Virus Detection with Message Digests

Display mode

Back to Quick Hacks

Files stored in a computer are simply streams of numbers. A text file, for instance, has a number for each letter or number in the text; a graphic file has a number for each element of colour. Computer programs are also files: each number tells the computer to perform a function like adding two numbers together, or storing a number in another file.

The problem is that, because programs are just files like any other files, they can be changed: certain numbers modified, or new streams added in the middle of the file. This is one way in which viruses are able to infect a file; they may add to a program file, and the next time that program is run, the virus is executed and performs the functions it was designed to do.

One of the best ways to alleviate this is to use a technique known as the 'message digest': a number which describes the entire contents of a file. A simple example would be an algorithm like the following:

If each letter of the alphabet is assigned a number, A being 1, B being 2 and so forth, it's possible to add all the letters in a text file together, to obtain a "check-sum"; a sum of the contents of the file, which can be used to check it. As an example, HELLO WORLD would add up to 127.

One of the problems with this simplest example of message digest algorithm is that the space could be removed entirely, and the checksum would be the same; also, the message could be changed and more content added, as long as the total of all the letters was still 127. As a result, more complex algorithms have been developed to take these issues into account.

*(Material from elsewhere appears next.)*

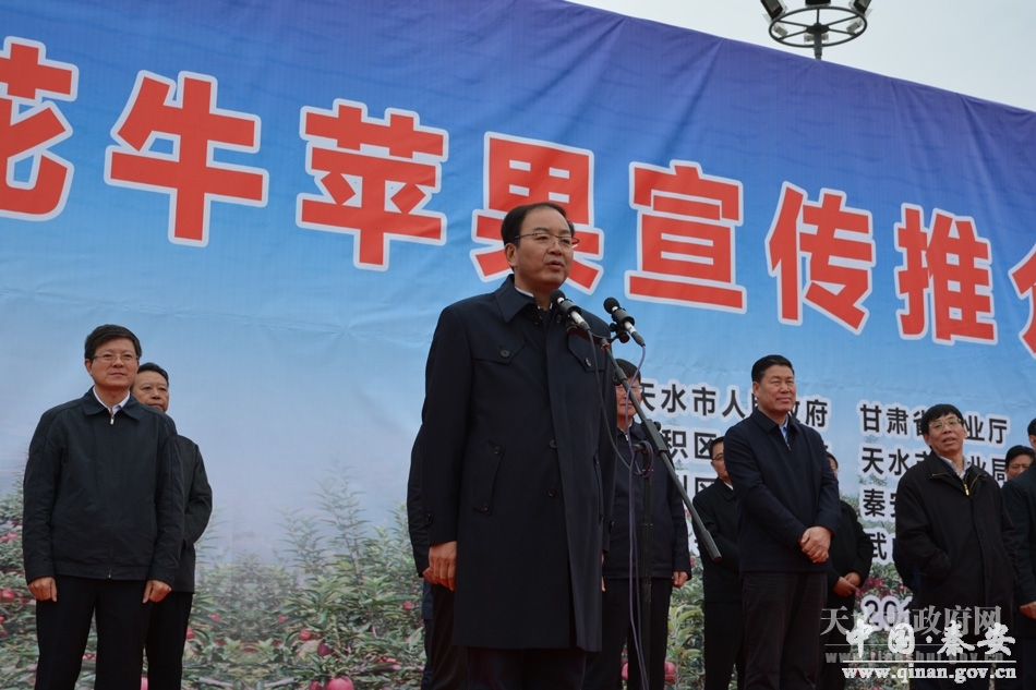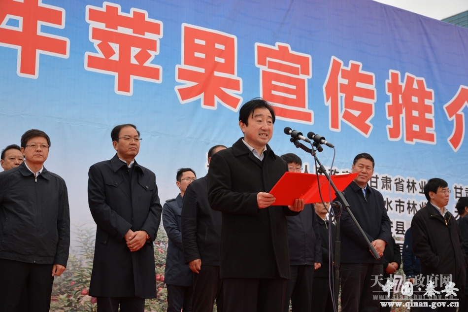 国家林业局造林绿化司巡视员刘树人,中国农产品市场协会执行会长、北京新发地农产品批发市场董事长张玉玺分别讲话。天水市政府副市长霍卫平宣读了《天水市人民政府关于命名苹果标准化示范基地和表彰十佳花牛苹果营销企业果品产业发展先进工作者花牛苹果种植能手及花牛苹果大奖赛获奖产品的决定》。

When these methods are used on a program file, they generate a number which is unique to the combination of numbers within that file. If anything changes, like an instruction being changed or instructions being added by a virus, the digest number will change.

This can be used to detect viruses every time a program is run. The process is relatively simple: when the program is first installed, a digest is generated based on that program file. Every time the program is used, the digest is again calculated, and if the numbers differ, some outside agent has changed the file.

One of the most popular implementations of this system is used inside Windows, known as File Protection; it's used on files which are important to the system, such as device drivers. If Windows detects that one of the files has a different digest to that which it knows about, the user will be alerted to the fact that a system file has been changed. Many other systems are also in place in other software packages to perform similar functions.